When I finished the assignment of week 3, I wanted to look at some other code examples and how people used 3D U-Net on Decathlon Challenge to see how I can improve the model further. One of the key points that confused my mind is, people tend to use different loss/activation functions.
There are 4 classes in the dataset, therefore we need a multiclass loss function such as the one we used in the assignment (soft dice loss), and at the same time, we are trying to predict pixels which can be done using the logistic function. However, I saw that some people used binary cross entropy and softmax function in the last layer. What would that change?

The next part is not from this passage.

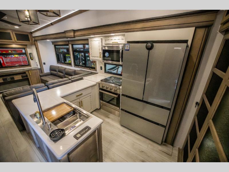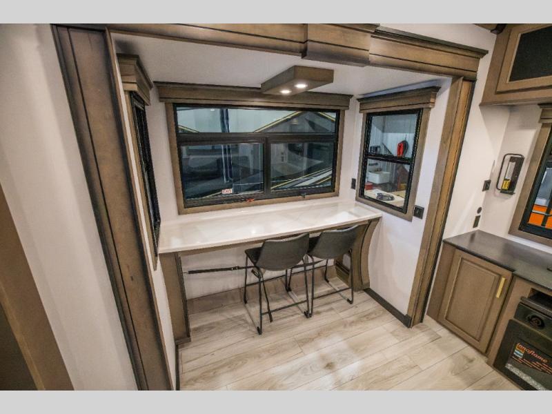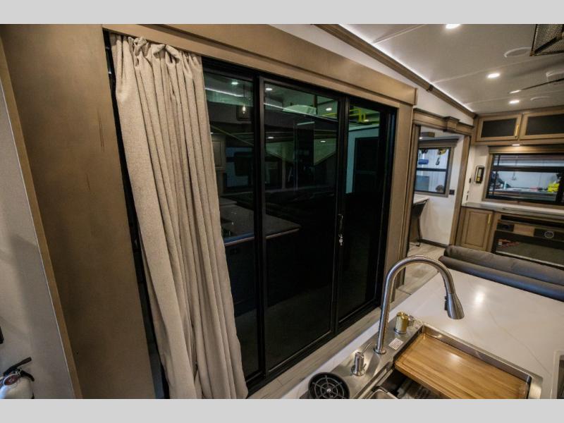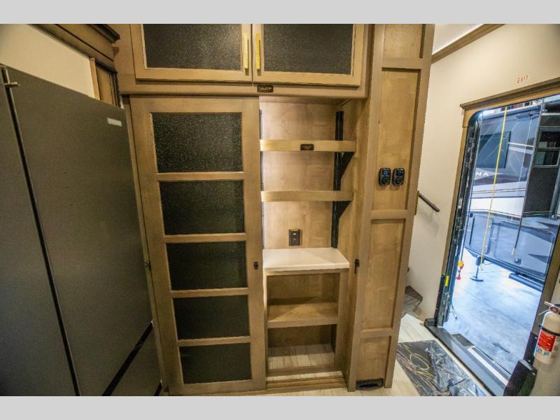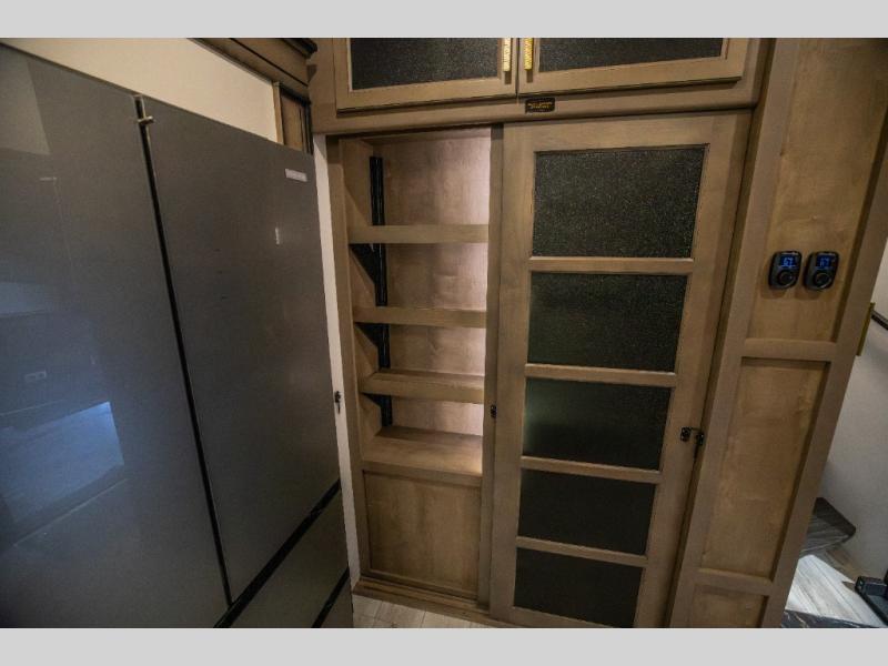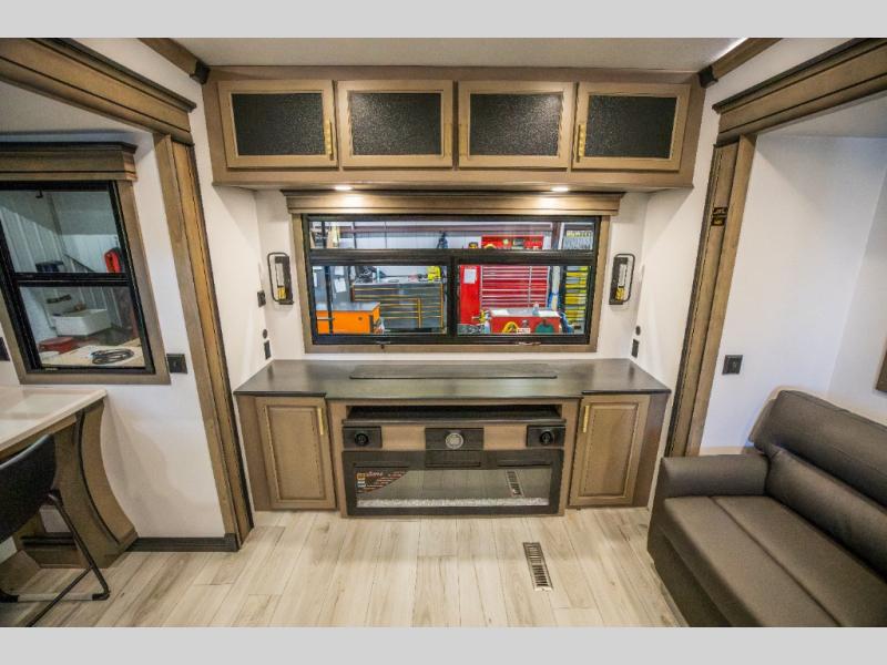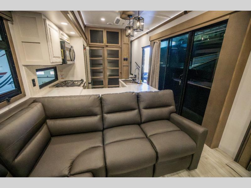 Luxury abounds throughout this fifth wheel starting in the centrally located kitchen featuring an L-shaped counter, a pull down storage pantry, a 24" range with an overhead convection microwave, and an 18 cu. ft. residential refrigerator with ice an maker. Just up the steps to the right of the entry, you will find a spacious bathroom featuring a 48" x 30" fiberglass shower with a seat, decorative glass enclosure, linen cabinet, and skylight above it for more natural lighting. Sleep like a baby in the front private bedroom on the king bed slide with storage underneath, and keep your clothes looking their best with the front closets. The rear entertainment living area offers true relaxation with L-shaped seating including a hide-a-bed sofa along the roadside, and powered theater seating facing the entertainment center with a 5,000 BTU decorative fireplace heater and Smart TV to watch your favorite movies! And don't overlook the best part, the powered side patio to entertain guests!
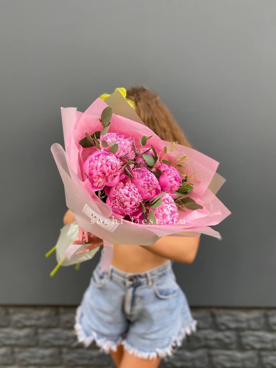 пионы, эвкалипт, тишью, пленка, лента.

My intuitive understanding is this, we are trying to predict the probabilities of pixels being 0 or 1 by using the logistic function in the last layer and producing a mask. Since we have 4 different classes, there are class-dependent differences in the masks therefore by using soft dice loss we are taking into account these differences and trying to find an optimal point where our logistic function produces the correct masks for each class. In this case, we can simply also use categorical cross entropy which would also take into account all the classes. Binary cross entropy, on the other hand, would not take into account the differences in the classes and try to find an optimal point as if all the instances are drawn from the same class (In practice, this I think would be a problem for a multiclass segmentation because the class which has the highest number of training instances would dominate the loss function). Lastly, my intuitive understanding of using softmax in the last layer is much more blurry, because as long as we take into account the differences in the classes by using multi-class loss functions (categorical cross entropy, soft dice loss, or other losses), our model just needs to output 0 or 1 (black or white points) to produce a mask. Softmax would be perhaps handy for producing different outputs for each class, however, I am not sure we need multi-outputs here.
Could anyone kindly correct me if there is something that I am missing in my intuition or provide further information? I think this concept can be complex for beginners and many people may need to ask this question at some time on their journey to learn segmentation.